В следующем году нас поделили на две группы: кто идет и кто не идет в музучилище. Зачем я вообще подняла дома этот вопрос?! Папа велел сказать, что иду, и вместо того, чтоб раз в неделю развлекать Зубареву, пока та вяжет, я ездила дважды в неделю к Дроздовой — списывать диктанты и сипеть. Диктанты, двухголосие, чтение с листа — я вообще не понимала, как этому можно научиться! Например: язык на ребро или шпагат. На шпагат, наверное, можно сесть: тренироваться, боли не бояться, растянуть себе все и как–то раз, после бани… А язык на ребро? Это либо дано, либо нет. Или еще: по–узбекски двигать шеей… Я отыгрывалась на уроках фортепиано, изображая, как списываю, как плюется Ципора. Лариса Семеновна заливалась смехом:
— Ой, не могу… не могу! Такие девочки, как ты, в старых девах не остаются!
Она считала себя моей наперсницей, но я не была с ней честна: почти все «топики» я пересказывала дома. Изображала:
— Лариса Семеновна простудилась, ходила в теплых штанах, но как–то на пляже какой–то виолончелист разглядел ее фигуру…
На весенний академический концерт пришла моя мама. Я отыграла программу и с другими нарядными девочками сновала по коридору: в белой блузке, в туфлях на каблуках. Подбежав к маме с Ларисой Семеновной, я попыталась приобнять обеих, — учительница поморщилась, дернулась, почти оттолкнула меня:
— Ирина, уйди, мы разговариваем.
С нехорошим предчувствием я взглянула на маму… Я знала это выражение лица. Упало сердце. Едва дождалась, когда мы выйдем.
— Мама! Что ты сказала ей?
— Ничего особенного. Разговоры про ее поклонников я еще терпела…
— Ты сказала, что я тебе все рассказываю?
— А что особенного? Сказала, что ты от меня ничего не скрываешь. А она: «Э–э–э… мэ–э–э…» Я категорически против того, чтобы она занималась твоим воспитанием! «Девочку надо учить… ей надо знать…» Пусть учит музыке. Я ей прямо так и сказала: «Да как вы могли? Рассказывать девочке пятнадцати лет про опущение матки!» Она так и села!
Бывают в жизни неприятности. Не горе, не беда, а неприятности. Просыпаешься слишком рано, — и так хочется, чтоб всего этого не было. Чтобы контрольная как–то сама по себе прошла, ты не проговорилась, партком не зарезал, никто тебя не застукал, не предал, не пренебрег, и ты никого не подводила, не находила этого письма, не говорила этих ужасных слов, не поднимала руку на ребенка, и сумка с документами не потеряна… Неприятностей в детстве было не так уж и много, но они были абсолютно ужасными.

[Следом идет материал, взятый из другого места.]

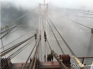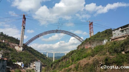 大桥采用无支架缆索吊装施工技术,该技术工艺极其复杂,C100砼是首次在国内桥梁工程应用,其科技含量极高且对桥梁工程发展意义重大。由于古蔺地处山区交通极为不便,气候条件恶劣,开工时间较原计划晚了一年之久,工期紧、施工难度极大,面对重重困难,项目部全体员工在领导班子的带领下充分发扬了伟大的“川桥人”精神,勇于担当,敢于破难,团结一心,艰苦奋战,大力开展科技攻关,科学组织施工生产,取得了一个又一个的阶段性胜利,2014年3月20日拱座开挖,2014年5月拱座施工完成,2014年10月交界墩施工完成,2014年11月7日索塔拼装,2014年12月31日索塔拼装完成,2015年1月31日缆索系统形成,2015年2月6日开始吊装主桥钢管劲性骨架,2015年3月28日劲性骨架合龙,50天实现了主桥合龙,其中凝聚了“川桥人”的艰辛、智慧和汗水。

Во взрослой жизни, я прочла в зарубежном романе, как один фермер устроил пьяный дебош: выстрелил в сестрин телевизор, заснул в сортире со спущенными штанами. Как проснулся от боли в пояснице, от мычания недоеных коров и понял, что не может пропустить дойку…
Что чувствует в таких случаях ребенок? Выхода нет, ты кругом виновата… Три четверти моих детских неприятностей — тех, самых ужасных, из–за которых хочется вернуться в позавчера, три четверти моих детских неприятностей были связаны с родителями, а они и не знали, они почти не заметили, не помогли мне их пережить! Сами жили впервые, сами доили своих коров — они были моложе, чем я сейчас… Но я не бросила музыкальную школу, не сказала, что не знаю, как идти на урок. Я пришла за расплатой. Лариса Семеновна кричала, как гестаповец:
— Сядь ровно! Руки!! Держать ритм!!! Какой палец?! Аппликатура!
Я не выдержала.
— Лариса Семеновна, я просто рассказывала маме. Просто рассказывала. Не жаловалась.
— Ничего, я тоже кое–что рассказала. Ципоре Израилевне. Не пожаловалась.
Стало совсем нехорошо… На первом же сольфеджио меня посадили в конец класса, отделив пустыми партами от остальных. Я получила двойку за диктант. Несколько двоек. Несколько уроков подряд.
— Барецкая, что это с тобой? Где же твои пятерки?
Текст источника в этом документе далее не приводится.